INPUT DATA -
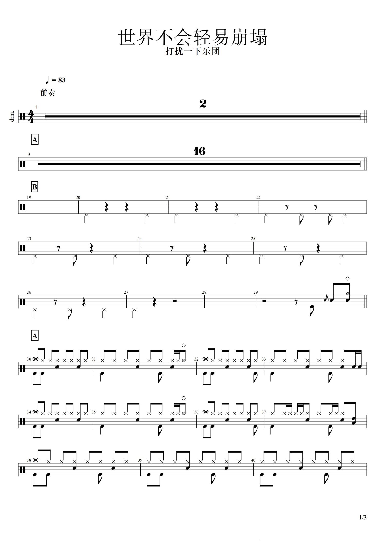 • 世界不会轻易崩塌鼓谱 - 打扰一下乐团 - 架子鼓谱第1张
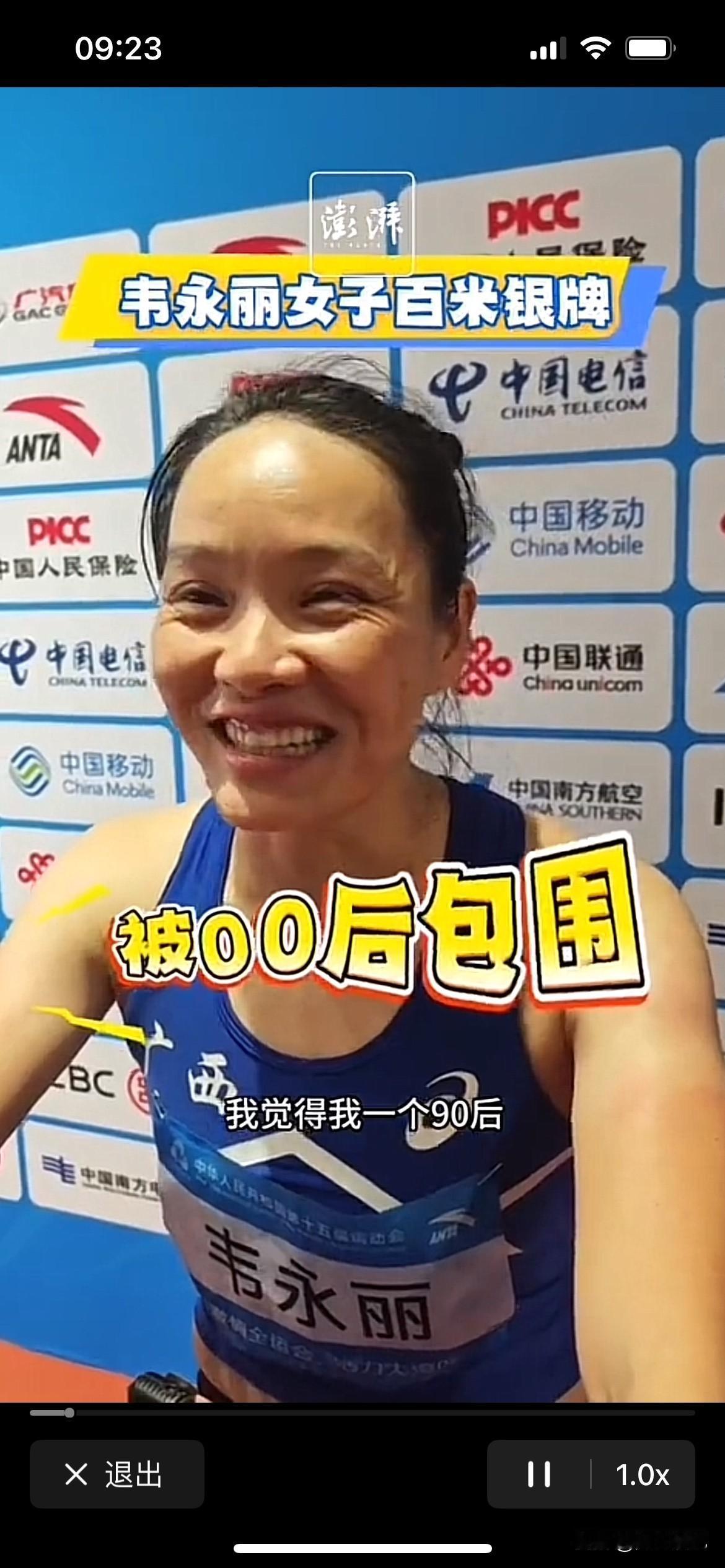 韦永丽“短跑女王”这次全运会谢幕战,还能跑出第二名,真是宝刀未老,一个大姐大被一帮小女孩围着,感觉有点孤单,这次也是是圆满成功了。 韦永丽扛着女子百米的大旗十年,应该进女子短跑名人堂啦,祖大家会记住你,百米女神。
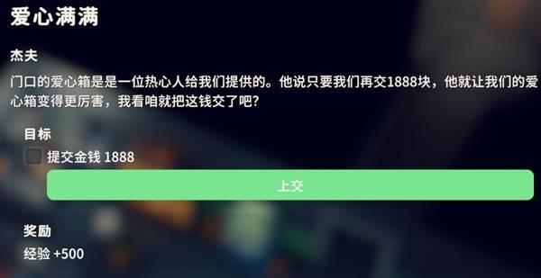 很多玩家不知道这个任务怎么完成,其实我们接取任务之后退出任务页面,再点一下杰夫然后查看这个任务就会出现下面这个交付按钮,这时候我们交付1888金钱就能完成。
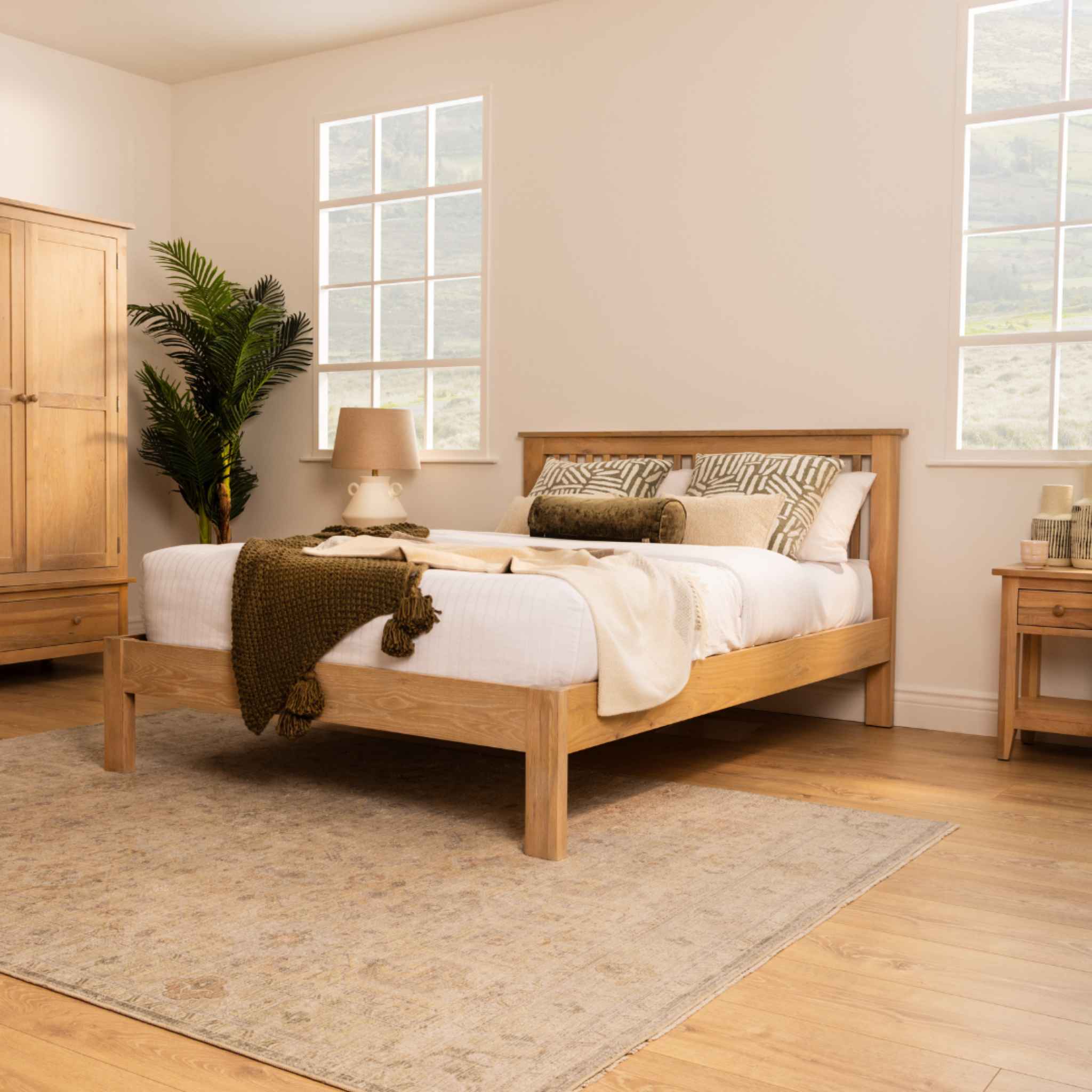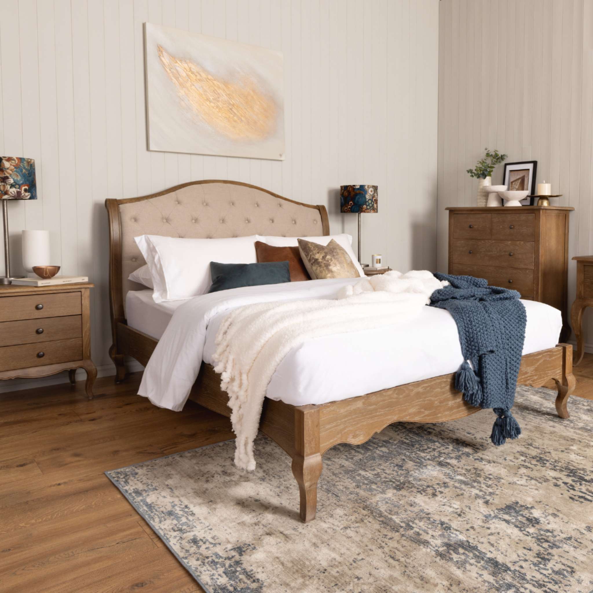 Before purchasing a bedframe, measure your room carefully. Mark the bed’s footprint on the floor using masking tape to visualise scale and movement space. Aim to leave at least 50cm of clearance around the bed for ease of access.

ACTIVITY -
Please write every line above out exactly as given, except for any pictures.

COMPLETED EXERCISE -
 • 世界不会轻易崩塌鼓谱 - 打扰一下乐团 - 架子鼓谱第1张
 韦永丽“短跑女王”这次全运会谢幕战,还能跑出第二名,真是宝刀未老,一个大姐大被一帮小女孩围着,感觉有点孤单,这次也是是圆满成功了。 韦永丽扛着女子百米的大旗十年,应该进女子短跑名人堂啦,祖大家会记住你,百米女神。
 很多玩家不知道这个任务怎么完成,其实我们接取任务之后退出任务页面,再点一下杰夫然后查看这个任务就会出现下面这个交付按钮,这时候我们交付1888金钱就能完成。
 Before purchasing a bedframe, measure your room carefully. Mark the bed’s footprint on the floor using masking tape to visualise scale and movement space. Aim to leave at least 50cm of clearance around the bed for ease of access.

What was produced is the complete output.